Heroku is irrelevant in this other than I making the recommendation to open the bug because I've seen people get mystified by file descriptor corruption because of fork() a bunch of times...

So, any pg/fork based worker is affected unless one moves connection creation to post-fork.

— Reply to this email directly or view it on GitHub https://github.com/ui/django-rq/issues/17#issuecomment-54718577.

sachinkagarwal commented 9 years ago

I used this with django-rq:

In every function enqueued to run by a worker, I added the connection.close() at the end. Now the postgres logs do not have the "LOG: could not receive data from client: Connection reset by peer".

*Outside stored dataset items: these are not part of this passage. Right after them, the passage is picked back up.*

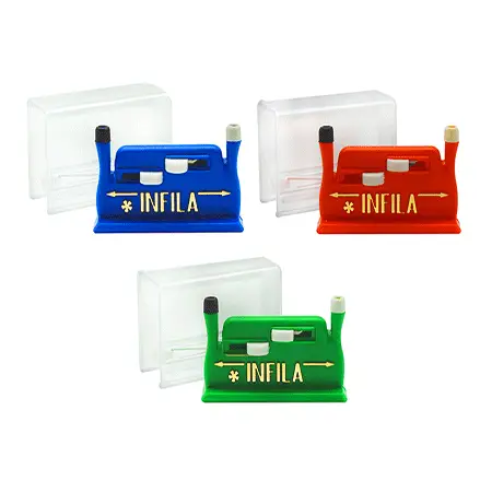 Automatically threads large or thin needles. Simple push button operation for single or double threading.
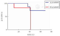进行单倍体异基因造血干细胞移植的不伴认知障碍的ALD患儿,移植后5年不发生MFD的概率为61.6%。移植后3年生存率为100.0%,移植后5年生存率为72.9%。伴认知障碍的ALD患儿,移植后3年生存率为83.3%(图2)。其中伴认知障碍的ALD患者移植后随访最长时间为42个月,且因原发病进展导致死亡。
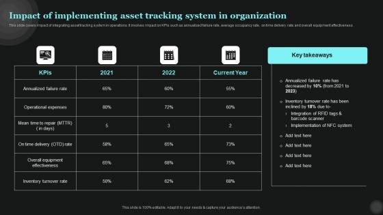 This slide covers impact of integrating asset tracking system in operations. It involves impact on KPIs such as annualized failure rate, average occupancy rate, on time delivery rate and overall equipment effectiveness. If you are looking for a format to display your unique thoughts, then the professionally designed Impact Of Implementing Asset Tracking System RFID Solutions For Asset Traceability Summary Pdf is the one for you. You can use it as a Google Slides template or a PowerPoint template. Incorporate impressive visuals, symbols, images, and other charts. Modify or reorganize the text boxes as you desire. Experiment with shade schemes and font pairings. Alter, share or cooperate with other people on your work. Download Impact Of Implementing Asset Tracking System RFID Solutions For Asset Traceability Summary Pdf and find out how to give a successful presentation. Present a perfect display to your team and make your presentation unforgettable. This slide covers impact of integrating asset tracking system in operations. It involves impact on KPIs such as annualized failure rate, average occupancy rate, on time delivery rate and overall equipment effectiveness.
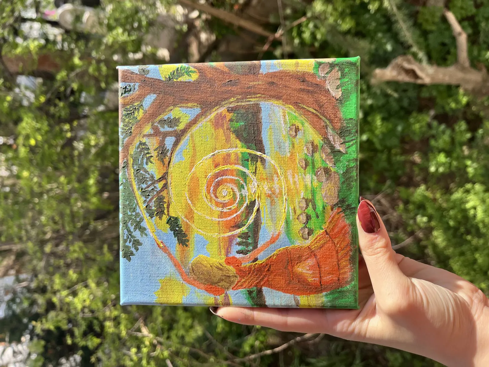 Güneşin ve ruhun mükemmel bir uyumla birleştiği anı betimleyen meditasyon temalı bir eser. Spiral, içsel uyanışı simgelerken, ışığa bakan figür izleyiciyi görünmeyen dünyanın ötesine davet eder.
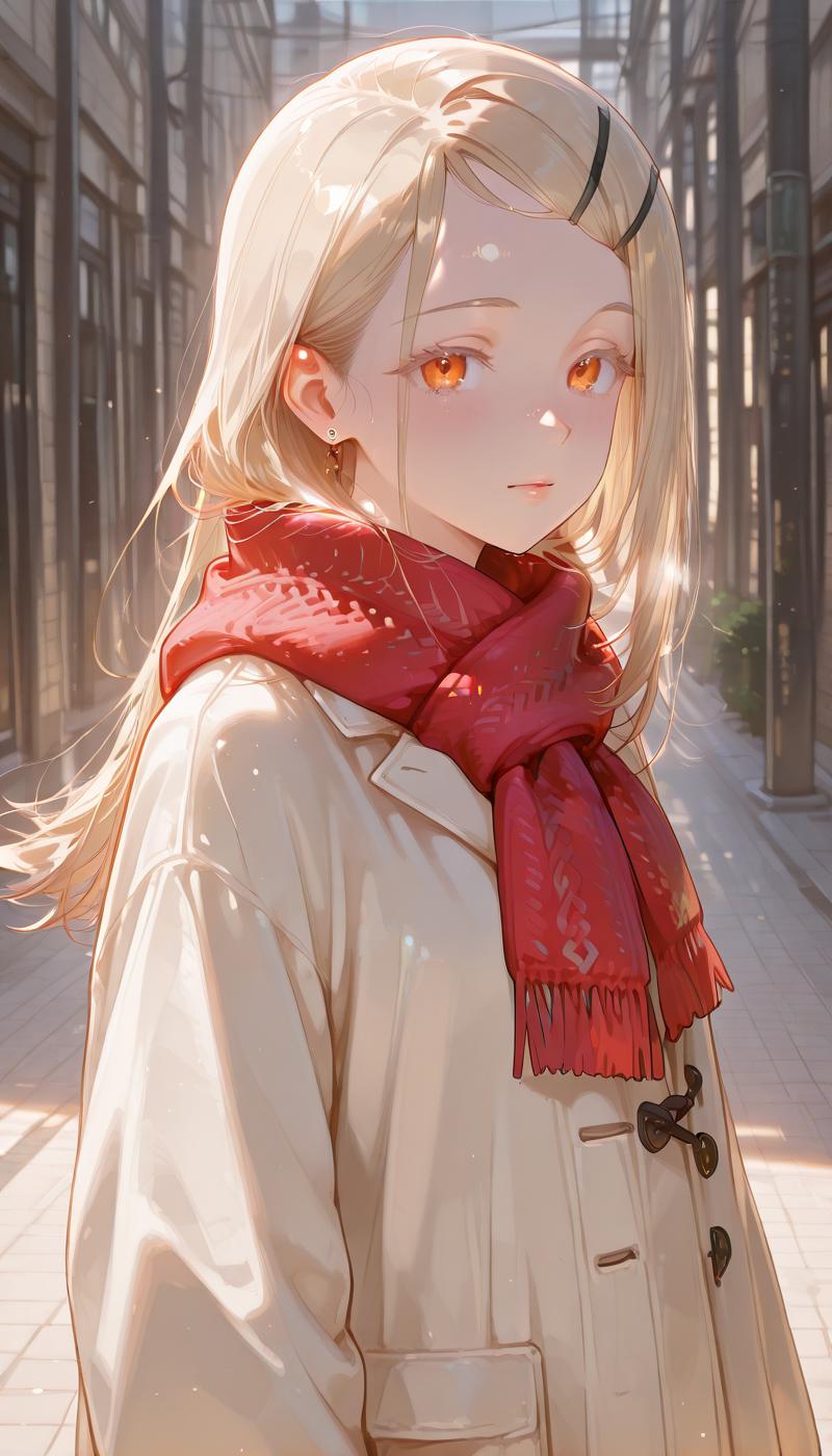 2. 긴 소매, 보석, 귀걸이, 스카프, 코트, 버튼, 빨간 스카프, 흰 코트, 겨울 옷, 갈색 코트, 프린지 트림, 겨울 코트, 더펠 코트,

More importantly, I think those errors were causing the PG archive log to become larger. So fixing this took on importance for the PG backup not running away.

mpetyx commented 8 years ago

Any idea or update on this problem? I have the exact same issue, tried some of the hacks mentioned above, but nothing works for heroku.. I need to figure out how to post_fork a connection.. Any ideas? Otherwise I would have to completely drop django-rq and go for celery of something similar...

foxx commented 8 years ago

Or you could drop Django :)

aaugustin commented 5 years ago

FWIW I've been using this for years:

from django.db import connection
from rq.worker import Worker

class ConnectionClosingWorker(Worker):
    """
    RQ Worker that closes the database connection before forking.

    See also https://github.com/ui/django-rq/issues/17

    """

    def execute_job(self, job, queue):
        connection.close()
        super().execute_job(job, queue)

It's been too long since I wrote it to remember the details, but it solved this issue and hasn't caused problems in a largish rq deploy. By "largish", I mean "we're moving off Heroku because we hit their 300-dyno limit".